As a criminologist, I have reviewed recent research in hopes of debunking some of the common misconceptions I hear creeping into discussions that spring up whenever a mass shooting occurs. Here’s some recent scholarship about mass shootings that should help you identify misinformation when you hear it.

#1: More guns don’t make you safer

A study I conducted on mass shootings indicated that this phenomenon is not limited to the United States.

Mass shootings also took place in 25 other wealthy nations between 1983 and 2013, but the number of mass shootings in the United States far surpasses that of any other country included in the study during the same period of time.

The U.S. had 78 mass shootings during that 30-year period.

The highest number of mass shootings experienced outside the United States was in Germany – where seven shootings occurred.

In the other 24 industrialized countries taken together, 41 mass shootings took place.

In other words, the U.S. had nearly double the number of mass shootings than all other 24 countries combined in the same 30-year period.

Another significant finding is that mass shootings and gun ownership rates are highly correlated. The higher the gun ownership rate, the more a country is susceptible to experiencing mass shooting incidents. This association remains high even when the number of incidents from the United States is withdrawn from the analysis.

Similar results have been found by the United Nations Office of Drugs and Crime, which states that countries with higher levels of firearm ownership also have higher firearm homicide rates.

My study also shows a strong correlation between mass shooting casualties and overall death by firearms rates. However, in this last analysis, the relation seems to be mainly driven by the very high number of deaths by firearms in the United States. The relation disappears when the United States is withdrawn from the analysis.

#2: Shootings are more frequent

A recent study published by the Harvard Injury Control Research Center shows that the frequency of mass shooting is increasing over time. The researchers measured the increase by calculating the time between the occurrence of mass shootings. According to the research, the days separating mass shooting occurrence went from on average 200 days during the period of 1983 to 2011 to 64 days since 2011.

What is most alarming with mass shootings is the fact that this increasing trend is moving in the opposite direction of overall intentional homicide rates in the U.S., which decreased by almost 50 percent since 1993 and in Europe where intentional homicides decreased by 40 percent between 2003 and 2013.

People run from the Route 91 Harvest country music festival after apparent gun fire was hear on October 1, 2017 in Las Vegas, Nevada. (Photo by David Becker/Getty Images)

#3: Restricting sales works

Due to the Second Amendment, the United States has permissive gun licensing laws. This is in contrast to most developed countries, which have restrictive laws.

According to a seminal work by criminologists George Newton and Franklin Zimring, permissive gun licensing laws refer to a system in which all but specially prohibited groups of persons can purchase a firearm. In such a system, an individual does not have to justify purchasing a weapon; rather, the licensing authority has the burden of proof to deny gun acquisition.

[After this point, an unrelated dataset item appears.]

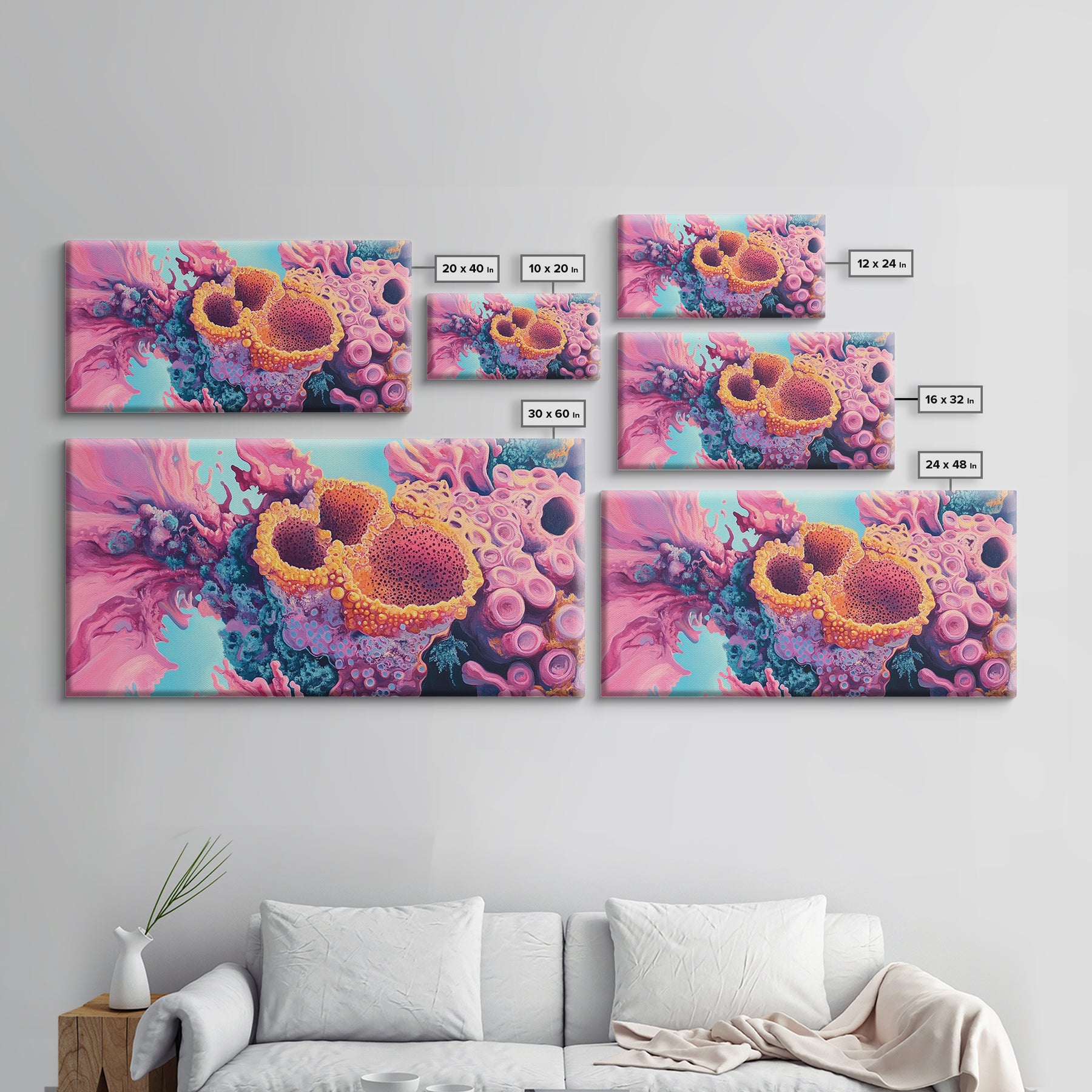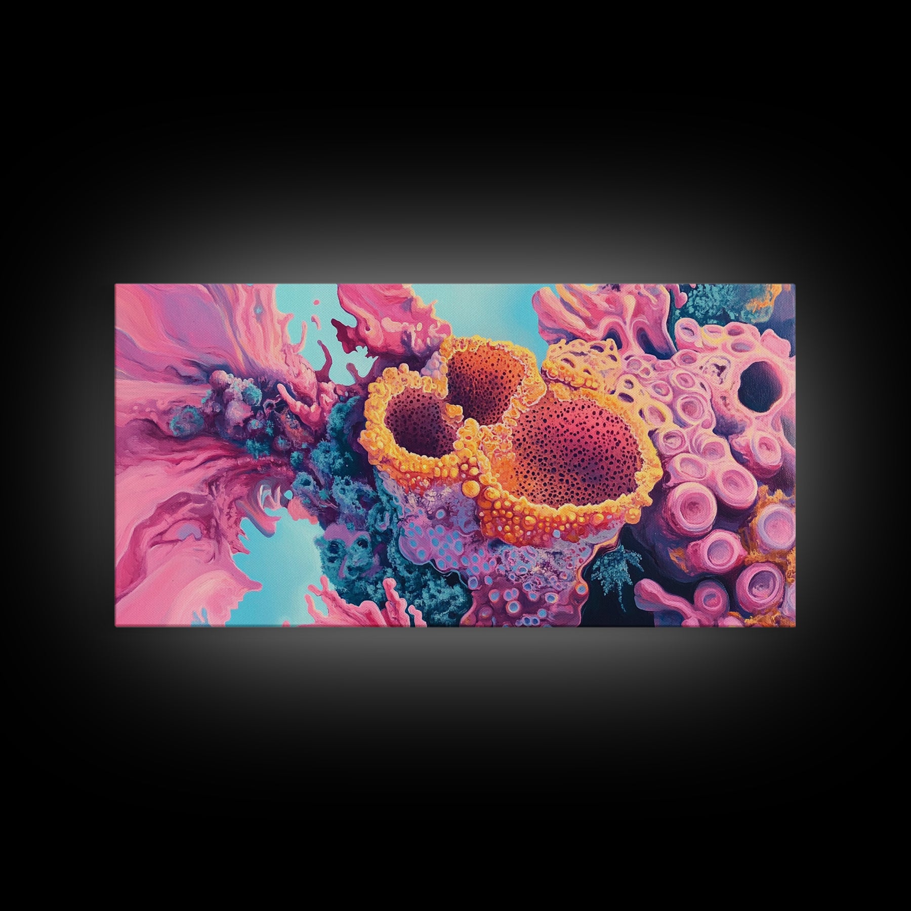Abstract Coral, pink abstract art, ocean painting, marine life art, contemporary art, blue and green wall art, Canvas Print

By contrast, restrictive gun licensing laws refer to a system in which individuals who want to purchase firearms must demonstrate to a licensing authority that they have valid reasons to get a gun – like using it on a shooting range or going hunting – and that they demonstrate “good character.”

The type of gun law adopted has important impacts. Countries with more restrictive gun licensing laws show fewer deaths by firearms and a lower gun ownership rate.

#4: Background checks work

In most restrictive background checks performed in developed countries, citizens are required to train for gun handling, obtain a license for hunting or provide proof of membership to a shooting range.

Individuals must prove that they do not belong to any “prohibited group,” such as the mentally ill, criminals, children or those at high risk of committing violent crime, such as individuals with a police record of threatening the life of another.

Here’s the bottom line. With these provisions, most U.S. active shooters would have been denied the purchase of a firearm.

#5: Not all mass shootings are terrorism

Journalists sometimes describe mass shooting as a form of domestic terrorism. This connection may be misleading.

There is no doubt that mass shootings are “terrifying” and “terrorize” the community where they have happened. However, not all active shooters involved in mass shooting have a political message or cause.

For example, the church shooting in Charleston, South Carolina in June 2015 was a hate crime but was not judged by the federal government to be a terrorist act.

The majority of active shooters are linked to mental health issues, bullying and disgruntled employees. Active shooters may be motivated by a variety of personal or political motivations, usually not aimed at weakening government legitimacy. Frequent motivations are revenge or a quest for power.

People dive for cover at Route 91 Harvest country music festival after apparent gun fire was heard on October 1, 2017 in Las Vegas, Nevada. (Photo by David Becker/Getty Images)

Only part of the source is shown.